Exercise prompt -> Apart from the images, every record below must be given again without alteration.

Records for processing ->
—————
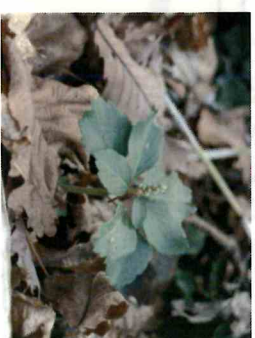
フツキソウ 常緑の小低木
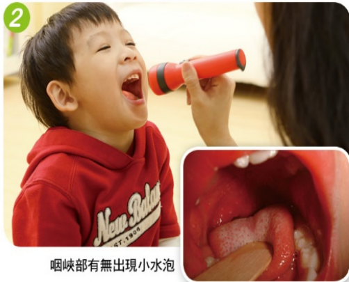
咽峽部有無出現小水泡
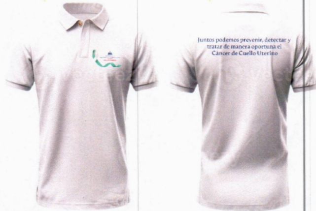
Imagen solo como referencia
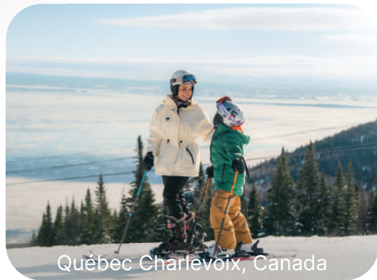
Québec Charlevoix, Canada

Fenêtre de réservation : 19 novembre au 2 décembre 2024 | Fenêtre de voyage : 7 décembre au 27 juin 2025
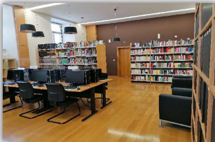
Figura 3: CDI/ICPOL e Biblioteca da PSP no edifício principal do ISCP/ISI.

Esta unidade de ID&I tem ao seu cuidado a área onde estão instalados o Centro de Documentação e Informação (CDI) e a Biblioteca da PSP – secção do rés do chão, do edifício principal do antigo Convento do Calvário. Refira-se que, na extensão da sua missão, o CDI dispõe ainda no edifício de um ponto de vendas e de um balcão de atendimento ao público e organismos/serviços, de modo a informar, encaminhar e orientar o utente no âmbito dos recursos bibliográficos disponíveis.
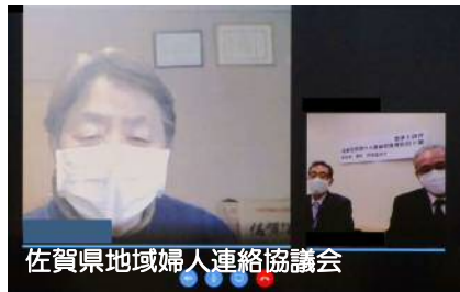
佐賀県地域婦人連絡協議会
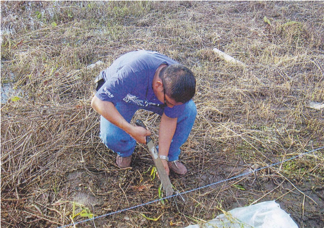
Figura 2. Siembra por material vegetativo
—————
Completed task ->
フツキソウ 常緑の小低木
咽峽部有無出現小水泡
Imagen solo como referencia
Québec Charlevoix, Canada

Fenêtre de réservation : 19 novembre au 2 décembre 2024 | Fenêtre de voyage : 7 décembre au 27 juin 2025
Figura 3: CDI/ICPOL e Biblioteca da PSP no edifício principal do ISCP/ISI.

Esta unidade de ID&I tem ao seu cuidado a área onde estão instalados o Centro de Documentação e Informação (CDI) e a Biblioteca da PSP – secção do rés do chão, do edifício principal do antigo Convento do Calvário. Refira-se que, na extensão da sua missão, o CDI dispõe ainda no edifício de um ponto de vendas e de um balcão de atendimento ao público e organismos/serviços, de modo a informar, encaminhar e orientar o utente no âmbito dos recursos bibliográficos disponíveis.
佐賀県地域婦人連絡協議会
Figura 2. Siembra por material vegetativo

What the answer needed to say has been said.